■ What you are asked to do ■
Up to and including the line that contains "A. 从单纯靠行政命令的做法向依法行政的根本性转变 B.", write out every line of the entries exactly, beginning with the first. Omit the pictures.

■ Provided records ■
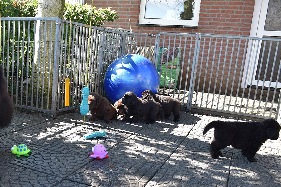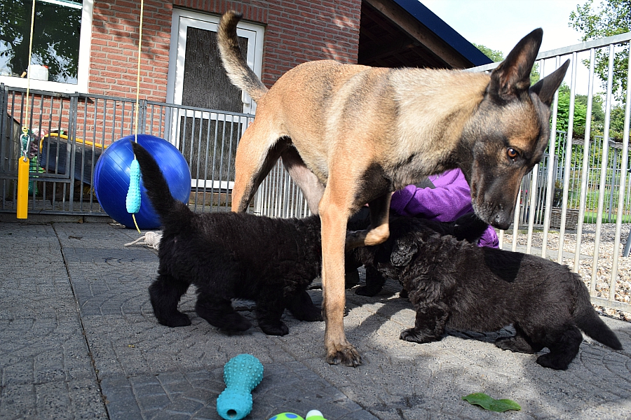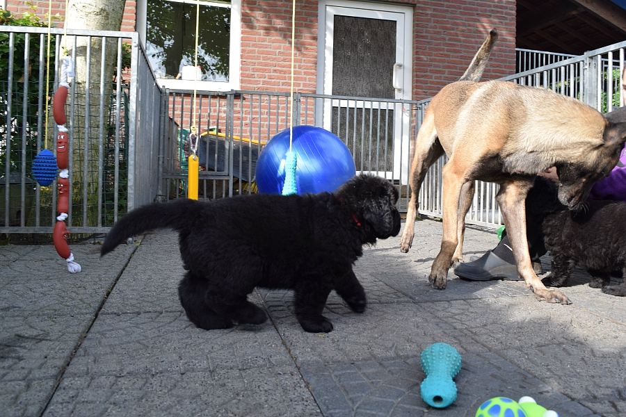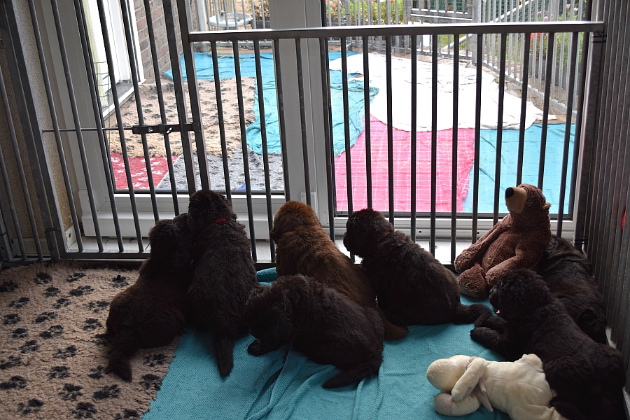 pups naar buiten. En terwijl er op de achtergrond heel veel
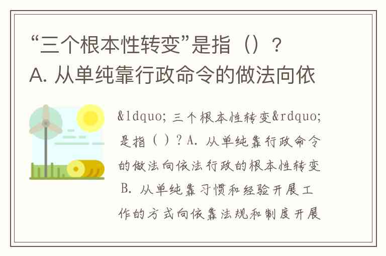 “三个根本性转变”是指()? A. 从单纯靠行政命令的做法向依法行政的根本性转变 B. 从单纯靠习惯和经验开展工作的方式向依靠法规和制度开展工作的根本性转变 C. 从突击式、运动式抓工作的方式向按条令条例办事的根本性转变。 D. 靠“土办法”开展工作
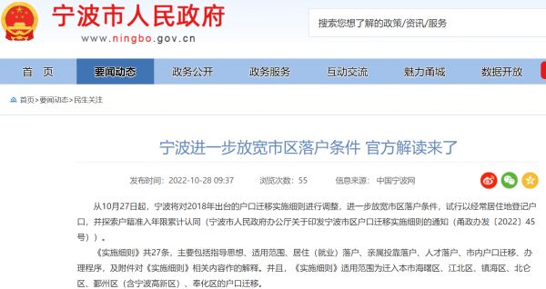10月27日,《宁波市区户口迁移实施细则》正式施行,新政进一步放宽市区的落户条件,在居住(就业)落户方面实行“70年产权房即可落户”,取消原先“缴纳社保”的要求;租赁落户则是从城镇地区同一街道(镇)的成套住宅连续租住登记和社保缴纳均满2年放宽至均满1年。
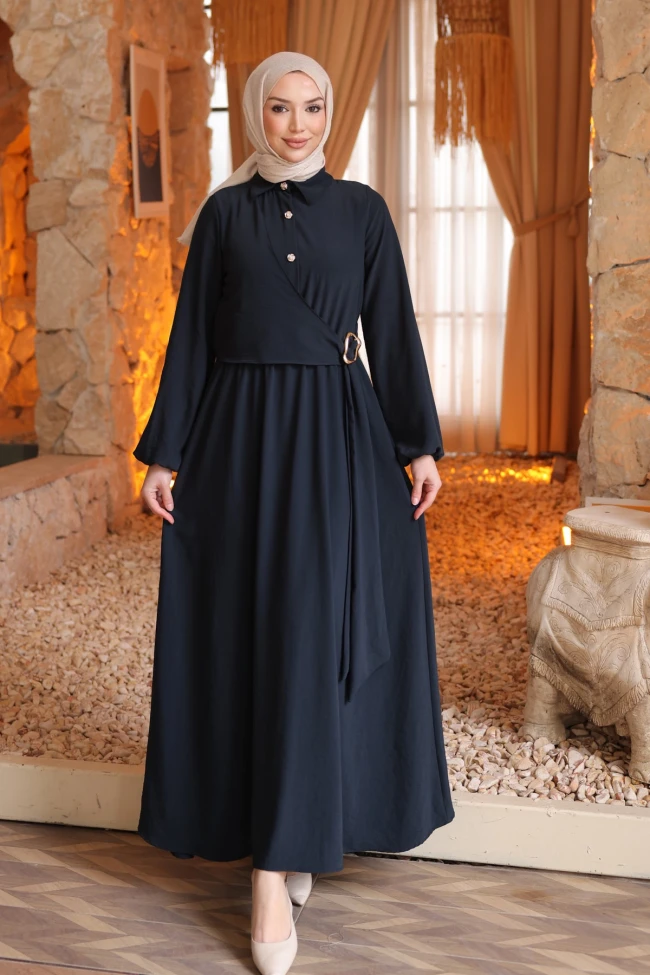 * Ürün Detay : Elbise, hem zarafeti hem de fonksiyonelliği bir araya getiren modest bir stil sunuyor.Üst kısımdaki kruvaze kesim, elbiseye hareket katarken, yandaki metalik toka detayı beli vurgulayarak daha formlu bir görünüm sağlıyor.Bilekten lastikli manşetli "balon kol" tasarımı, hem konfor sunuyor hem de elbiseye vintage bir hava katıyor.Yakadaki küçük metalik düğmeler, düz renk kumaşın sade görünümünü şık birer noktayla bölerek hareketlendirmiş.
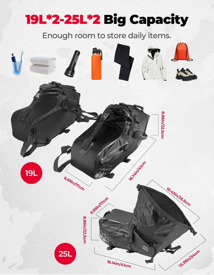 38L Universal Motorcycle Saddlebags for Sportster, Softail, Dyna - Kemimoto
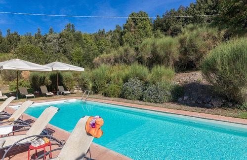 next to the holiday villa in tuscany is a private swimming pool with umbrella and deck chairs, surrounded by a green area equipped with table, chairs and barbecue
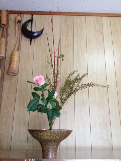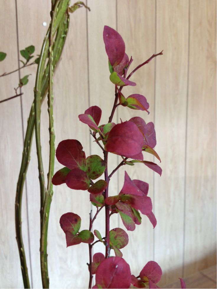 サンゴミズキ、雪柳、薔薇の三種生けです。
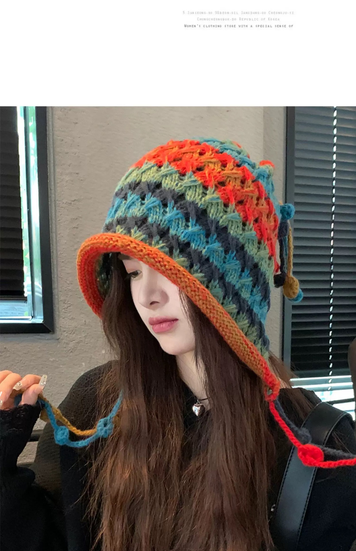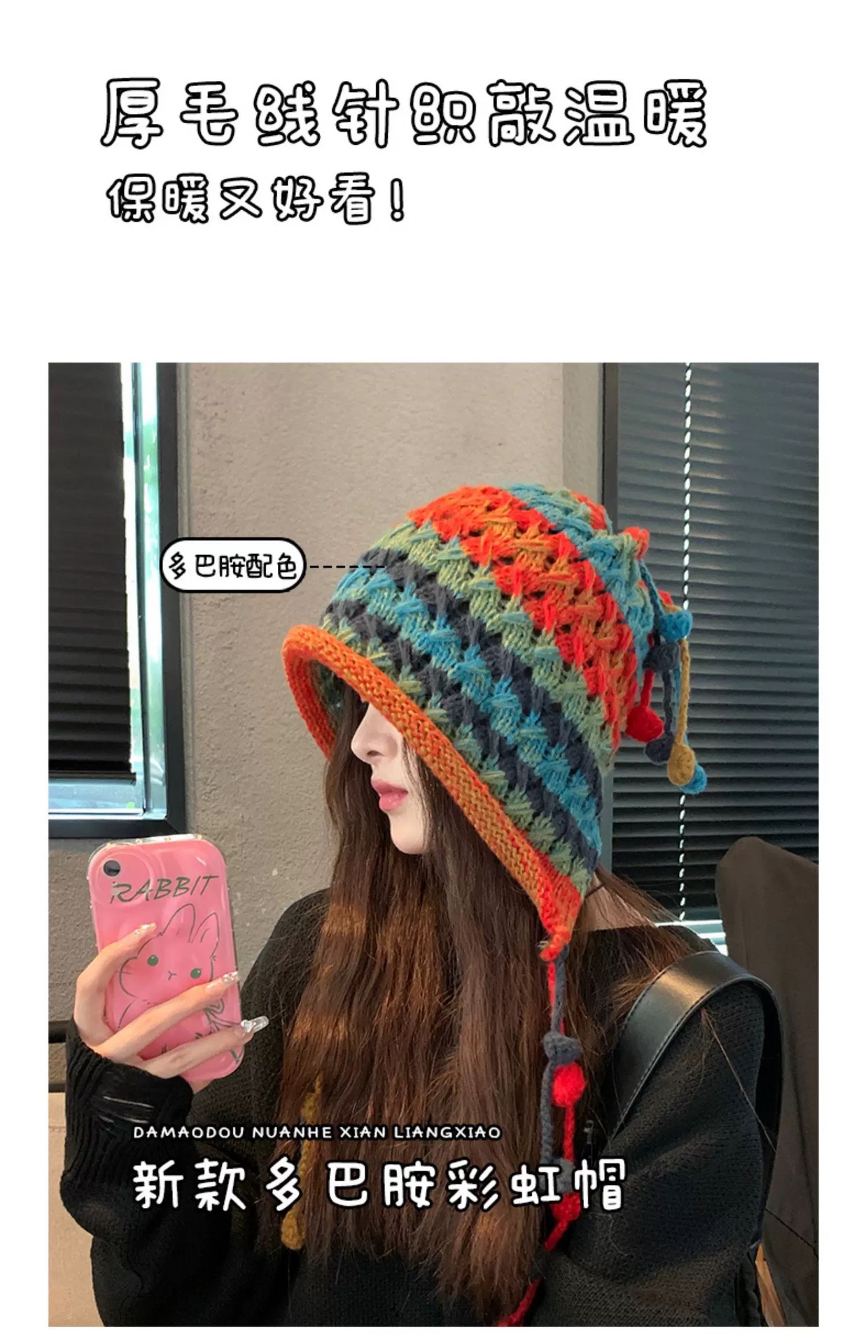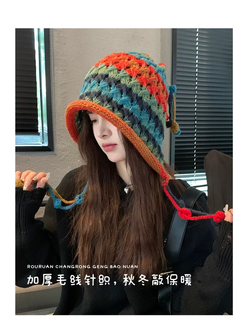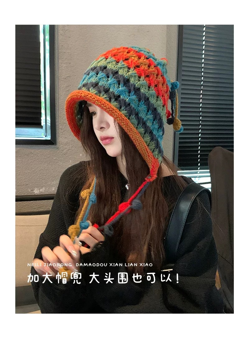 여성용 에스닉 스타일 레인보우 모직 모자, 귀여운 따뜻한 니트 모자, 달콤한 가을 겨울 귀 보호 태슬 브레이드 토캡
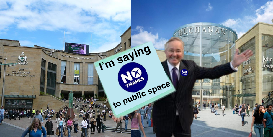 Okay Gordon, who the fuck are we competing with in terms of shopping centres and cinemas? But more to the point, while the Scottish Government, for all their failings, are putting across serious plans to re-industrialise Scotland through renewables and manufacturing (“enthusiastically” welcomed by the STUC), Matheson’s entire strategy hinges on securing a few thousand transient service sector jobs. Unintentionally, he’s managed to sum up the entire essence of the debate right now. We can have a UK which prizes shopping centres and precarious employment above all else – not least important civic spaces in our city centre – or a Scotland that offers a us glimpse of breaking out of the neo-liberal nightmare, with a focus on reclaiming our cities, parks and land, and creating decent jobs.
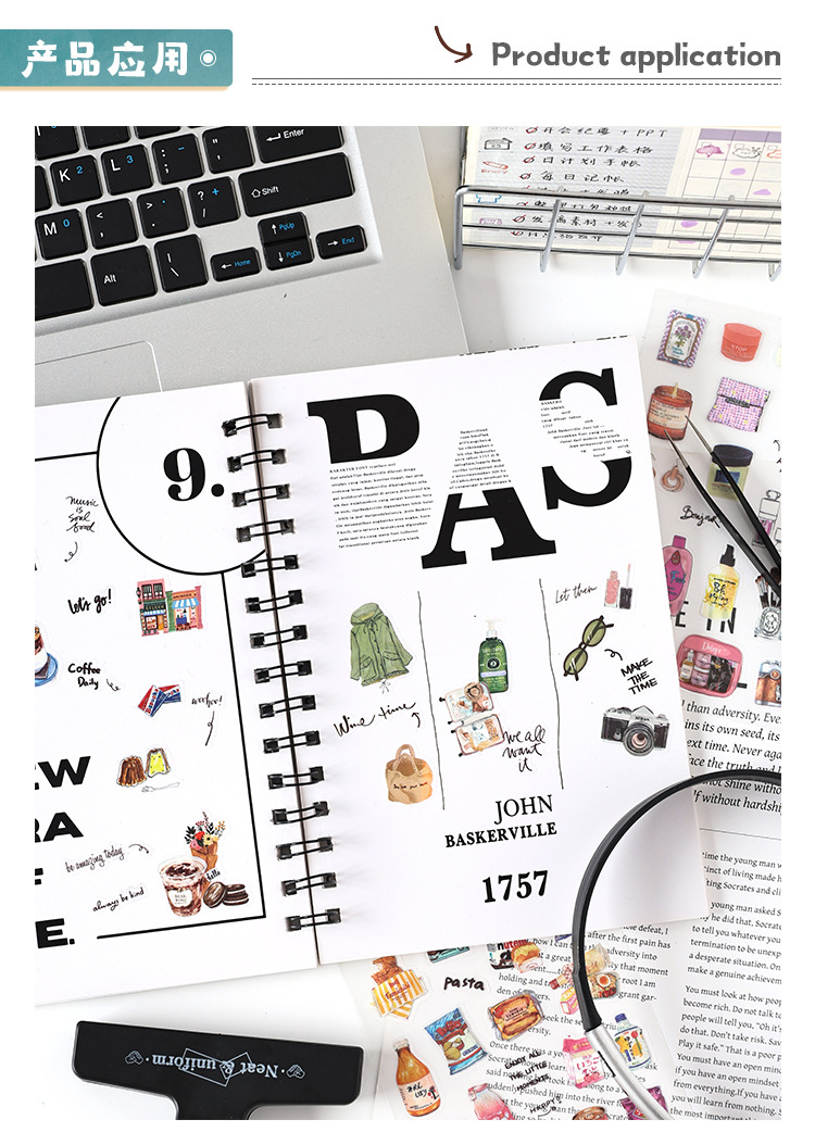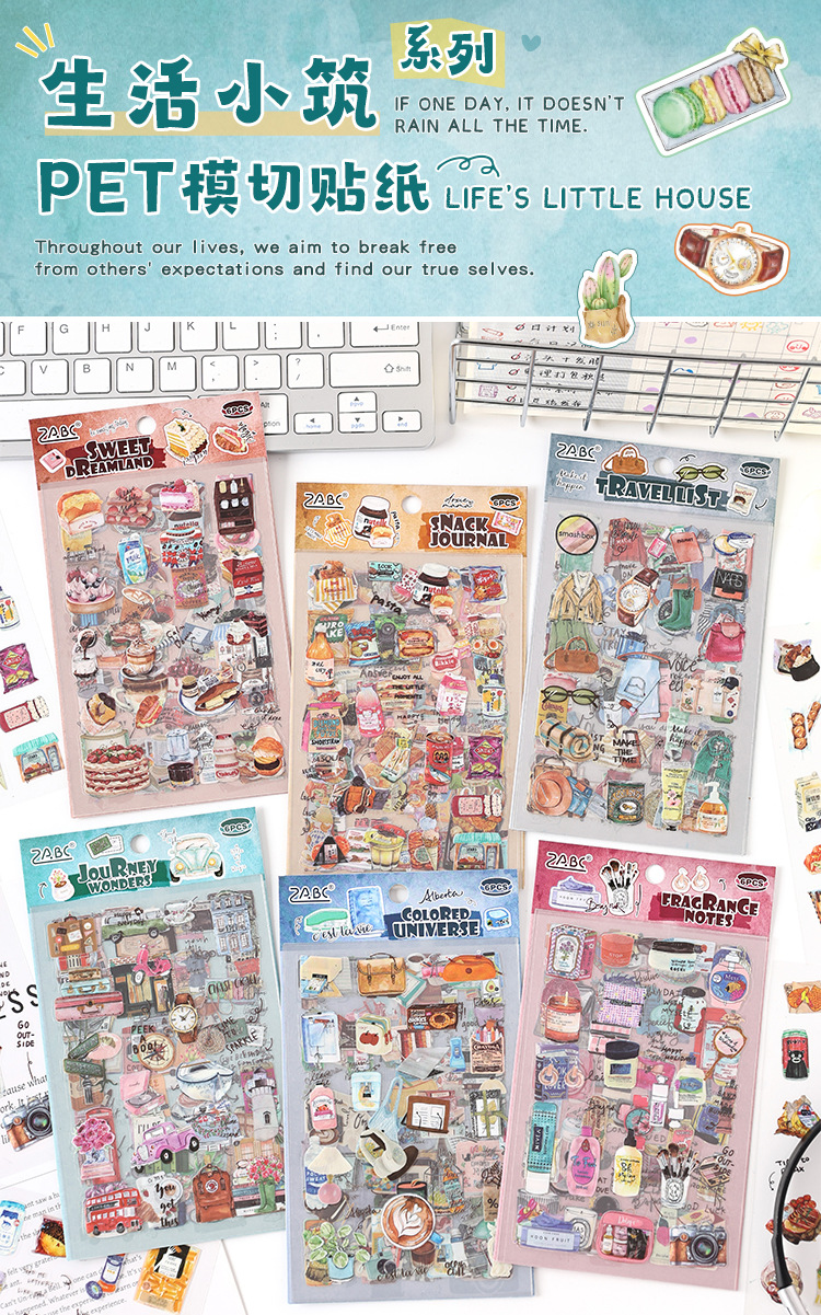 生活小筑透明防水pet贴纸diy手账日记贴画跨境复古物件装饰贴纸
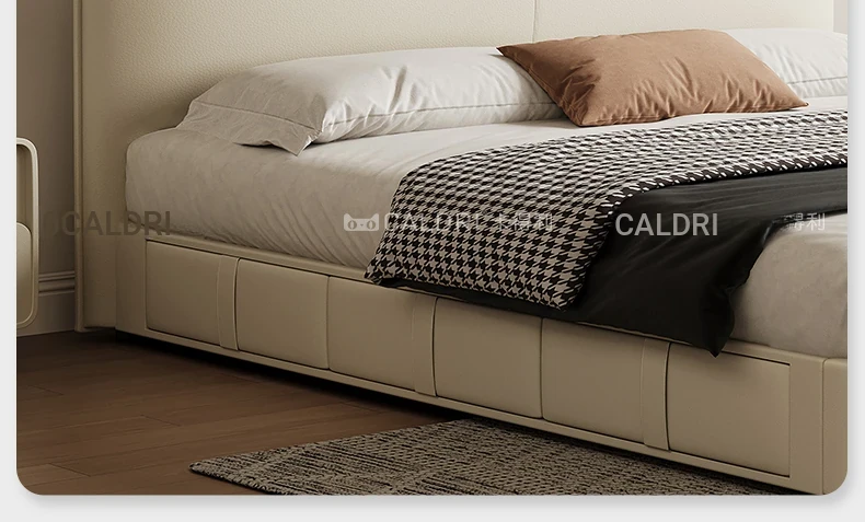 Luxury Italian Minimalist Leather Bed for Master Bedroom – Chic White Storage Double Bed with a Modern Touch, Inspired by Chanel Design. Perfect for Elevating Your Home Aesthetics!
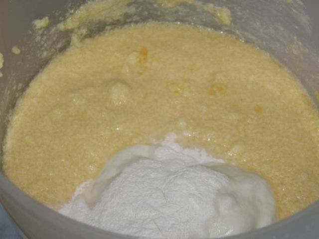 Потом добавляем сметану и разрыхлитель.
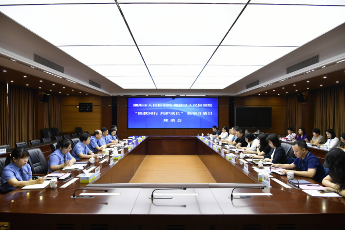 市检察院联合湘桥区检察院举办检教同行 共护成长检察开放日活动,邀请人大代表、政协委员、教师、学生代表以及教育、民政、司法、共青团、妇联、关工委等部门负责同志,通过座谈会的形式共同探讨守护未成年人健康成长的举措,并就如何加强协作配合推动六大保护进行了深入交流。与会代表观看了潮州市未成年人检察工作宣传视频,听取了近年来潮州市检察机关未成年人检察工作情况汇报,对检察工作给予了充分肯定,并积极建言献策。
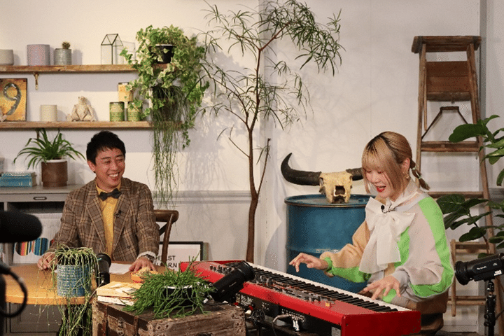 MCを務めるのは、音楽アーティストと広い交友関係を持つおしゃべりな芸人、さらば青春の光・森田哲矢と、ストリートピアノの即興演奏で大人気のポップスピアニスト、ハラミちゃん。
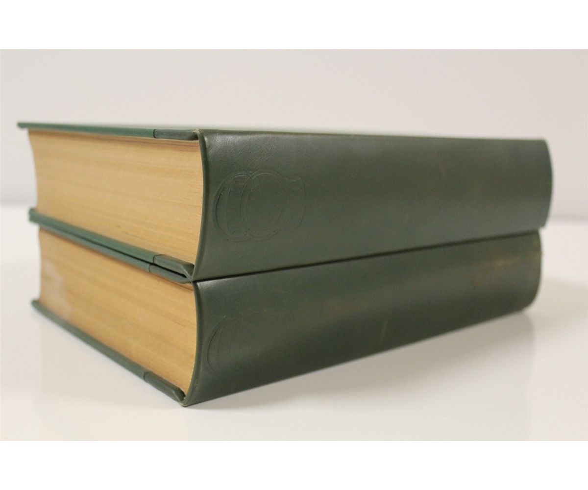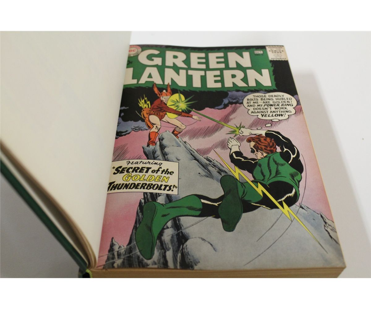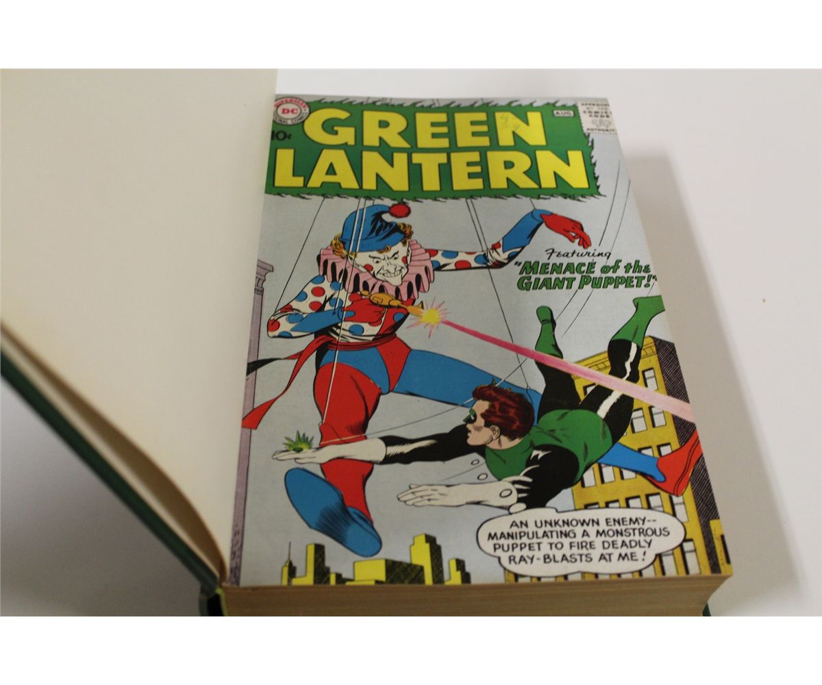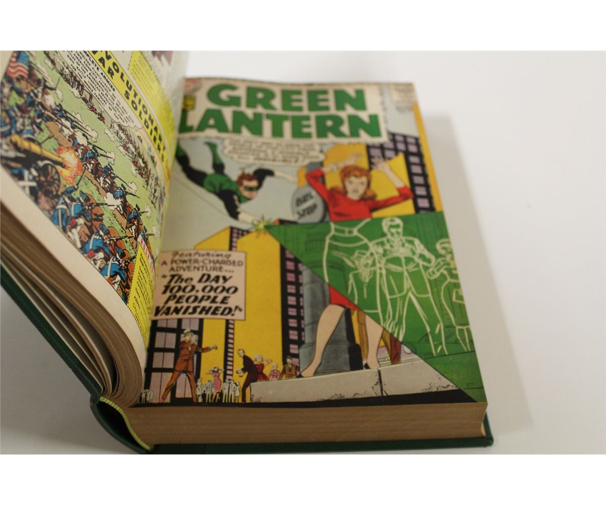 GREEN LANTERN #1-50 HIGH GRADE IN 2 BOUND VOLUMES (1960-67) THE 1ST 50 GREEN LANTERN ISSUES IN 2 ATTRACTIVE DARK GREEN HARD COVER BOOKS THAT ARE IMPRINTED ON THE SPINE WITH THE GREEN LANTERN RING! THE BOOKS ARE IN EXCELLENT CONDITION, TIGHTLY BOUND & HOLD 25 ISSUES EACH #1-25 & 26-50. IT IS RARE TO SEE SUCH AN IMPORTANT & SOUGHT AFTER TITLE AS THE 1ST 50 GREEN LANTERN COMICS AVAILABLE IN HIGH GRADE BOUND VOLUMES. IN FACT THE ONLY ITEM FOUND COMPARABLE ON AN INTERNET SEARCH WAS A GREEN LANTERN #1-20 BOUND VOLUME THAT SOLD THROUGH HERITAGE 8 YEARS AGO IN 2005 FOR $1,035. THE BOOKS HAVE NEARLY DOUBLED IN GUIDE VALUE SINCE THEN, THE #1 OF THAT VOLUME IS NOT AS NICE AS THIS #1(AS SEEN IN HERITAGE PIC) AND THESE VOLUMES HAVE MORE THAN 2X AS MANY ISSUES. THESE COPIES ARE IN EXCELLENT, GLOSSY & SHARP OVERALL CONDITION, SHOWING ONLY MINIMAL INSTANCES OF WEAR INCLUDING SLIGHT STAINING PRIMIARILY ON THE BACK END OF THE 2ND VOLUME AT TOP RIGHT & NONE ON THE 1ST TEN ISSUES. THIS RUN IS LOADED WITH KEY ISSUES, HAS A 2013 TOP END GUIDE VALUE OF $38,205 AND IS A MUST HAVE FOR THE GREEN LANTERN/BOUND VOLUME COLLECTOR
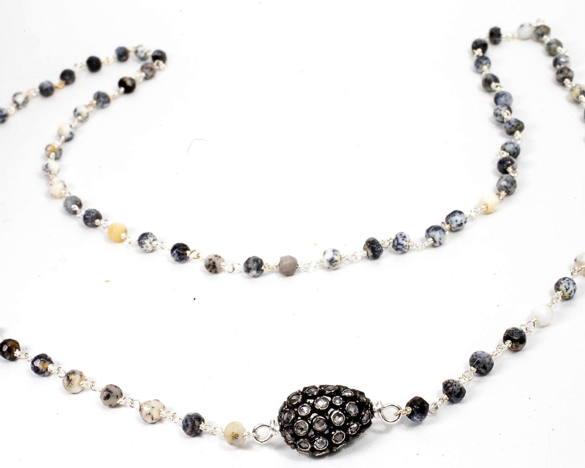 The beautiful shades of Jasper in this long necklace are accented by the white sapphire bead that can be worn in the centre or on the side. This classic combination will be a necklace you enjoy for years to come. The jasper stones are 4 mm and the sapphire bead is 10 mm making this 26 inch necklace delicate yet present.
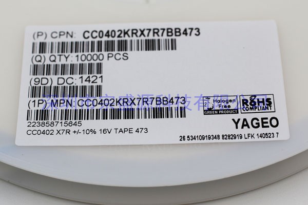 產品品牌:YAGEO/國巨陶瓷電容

■ Completed exercise ■
 pups naar buiten. En terwijl er op de achtergrond heel veel
 “三个根本性转变”是指()? A. 从单纯靠行政命令的做法向依法行政的根本性转变 B. 从单纯靠习惯和经验开展工作的方式向依靠法规和制度开展工作的根本性转变 C. 从突击式、运动式抓工作的方式向按条令条例办事的根本性转变。 D. 靠“土办法”开展工作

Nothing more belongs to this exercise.